Seawater can be split into hydrogen and oxygen with 1.5 volts of electricity, which is the amount in a AA battery. Researchers found out that some of the nodules possessed higher-than-normal voltages and that there were many more of them.
Nicholas Owens, the director of the Scottish Association for Marine Science said that the conventional view is that oxygen was produced around three billion years ago by ancient microbes, and that there was a progression of complex life thereafter. “The potential that there was an alternative source requires us to have a radical rethink.”
Sweetman first noticed something strange in 2013. He and his team had been working to measure the oxygen flow in confined areas. The flow of oxygen seemed to increase at the seafloor, despite the fact that there were no photosynthesizing organisms nearby, so much so that the researchers thought it was an instrumental anomaly.
Where Did Oxygen Start on Earth? Scientists Revisiting Polymetal Nodules in the Clarion-Clipperton Zone
The metals in polymetallic nodules can be used to make batteries for consumer electronics, appliances and electric vehicles.
Franz Geiger, a Northwestern University chemistry professor who worked on the study, said in a separate news release that there may be enough polymetallic nodules in an area of the Pacific Ocean called the Clarion-Clipperton Zone to meet global energy demands for decades after.
If deep-sea mining becomes an opportunity that is being pursued, it needs to be done on a level and not detrimental to life down there, Geiger told NPR.
Some research indicates that missions for deep-sea mining in the 70s and ’80s may have had repercussions on the marine life in the area for decades.
“I think we therefore need to revisit questions like: where could aerobic life have begun?” said Andrew Sweetman, a professor with the Scottish Association for Marine Science in Oban, Scotland, in a news release.
The issue needed to be investigated.

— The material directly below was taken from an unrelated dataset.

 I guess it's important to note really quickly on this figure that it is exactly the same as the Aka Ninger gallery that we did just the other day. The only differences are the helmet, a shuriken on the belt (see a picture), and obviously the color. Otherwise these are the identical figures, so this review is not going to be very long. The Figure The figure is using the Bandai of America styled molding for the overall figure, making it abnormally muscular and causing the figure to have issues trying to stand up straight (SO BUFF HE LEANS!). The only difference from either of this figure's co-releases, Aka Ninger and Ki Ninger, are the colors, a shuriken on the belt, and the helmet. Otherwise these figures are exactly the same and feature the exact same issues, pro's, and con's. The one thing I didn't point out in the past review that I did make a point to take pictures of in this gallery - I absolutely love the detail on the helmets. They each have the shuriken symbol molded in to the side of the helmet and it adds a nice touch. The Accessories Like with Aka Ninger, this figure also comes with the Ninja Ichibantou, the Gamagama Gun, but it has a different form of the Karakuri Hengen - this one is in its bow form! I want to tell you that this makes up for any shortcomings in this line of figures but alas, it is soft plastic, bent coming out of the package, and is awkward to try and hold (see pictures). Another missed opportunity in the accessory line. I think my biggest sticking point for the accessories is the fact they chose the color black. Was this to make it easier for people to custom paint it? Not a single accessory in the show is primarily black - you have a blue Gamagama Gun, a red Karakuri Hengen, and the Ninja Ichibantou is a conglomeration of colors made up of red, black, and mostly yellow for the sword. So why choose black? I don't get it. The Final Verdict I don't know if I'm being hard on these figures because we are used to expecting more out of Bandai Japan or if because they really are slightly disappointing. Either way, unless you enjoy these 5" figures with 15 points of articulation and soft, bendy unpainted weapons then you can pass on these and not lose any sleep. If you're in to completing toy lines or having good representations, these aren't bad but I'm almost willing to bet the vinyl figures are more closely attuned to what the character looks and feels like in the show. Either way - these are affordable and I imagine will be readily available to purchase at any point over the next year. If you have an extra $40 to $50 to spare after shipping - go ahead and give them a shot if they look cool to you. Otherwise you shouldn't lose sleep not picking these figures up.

First, the team ascertained with certainty that any microorganisms capable of producing oxygen weren’t present. The scientists speculated that polymetallic nodules were captured in the benthic chamber. After several laboratory tests, Sweetman says, they found that the nodules act like a geobattery: They generate a small electric current (about 1 volt each) that splits water molecules into their two components, hydrogen and oxygen, in a process called electrolysis.

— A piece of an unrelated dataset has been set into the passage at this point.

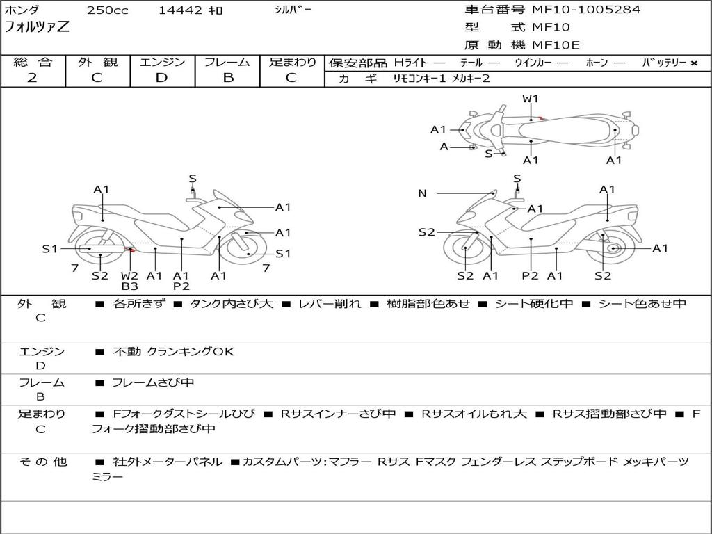 | Номер рамы / VIN | MF10-1005284 |

How the nodules produce oxygen, however, is not entirely clear: It’s not known what generates the electric current, whether the reaction is continuous, and crucially, whether the oxygen production is significant enough to sustain an ecosystem.

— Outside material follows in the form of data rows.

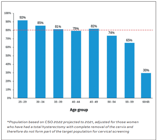 However, coverage declines with age in Ireland. Participation among women aged 60 and above drops significantly, with the lowest uptake – around 30 per cent – seen in those aged 60-65 years. Various programme strategies to address this included a focus on older women in 2023 when women who had exited the cytology programme were offered a once-off HPV test. Additional education targeting post-menopausal women and sample-takers focused on making screening more comfortable and removing barriers to participation.
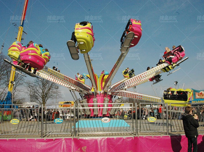 激情跳跃弹跳机是大型游乐设备的一款经典产品,是游乐园必选的游乐设施之一。运行时座舱通过大臂连接围绕中心柱做出旋转起伏升降的动作,整体形成大波浪、小波浪、同起同落等多种起伏运行方式,使游客具有惊心动魄的体验,非常适合大型游乐园和公园经营。座椅采用双保险设计,手动保险更舒适、气动保险更安全,客量大、设备运行平稳,这是一款老少皆宜的游乐设施。
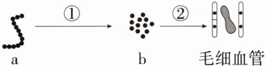 A 由图可知,过程①表示消化过程,过程②表示吸收过程,若a表示淀粉,则经过②吸收过程,血糖的含量会升高,A正确;若a表示蛋白质,则过程①是将蛋白质分解为氨基酸的消化过程,B错误;若b表示脂肪酸,则参与过程①的是肠液、胰液等,胃液不能消化脂肪,C错误;蛋白质在胃中胃蛋白酶的作用下被初步消化,然后进入小肠,在小肠中肠液和胰液中酶的作用下变成氨基酸,若b表示氨基酸,则过程①不只发生在胃中,D错误。

It is possible that the spark that started life on Earth was caused by the ionization of the polymetallic nodules. According to Sweetman, this is an exciting hypothesis that should be explored further. It is possible that this could happen on another world, and be a potential source of alien life.
But with many questions unanswered, some are casting doubt on the findings. The biggest criticisms have come from within the seabed-mining world: Patrick Downes of the Metals Company, a seabed-mining company that works in deep water—the same waters Sweetman studied and that partly funded Sweetman’s research—says the results are the result of oxygen contamination from outside sources, and that his company will soon produce a paper refuting the thesis put forward by Sweetman’s group.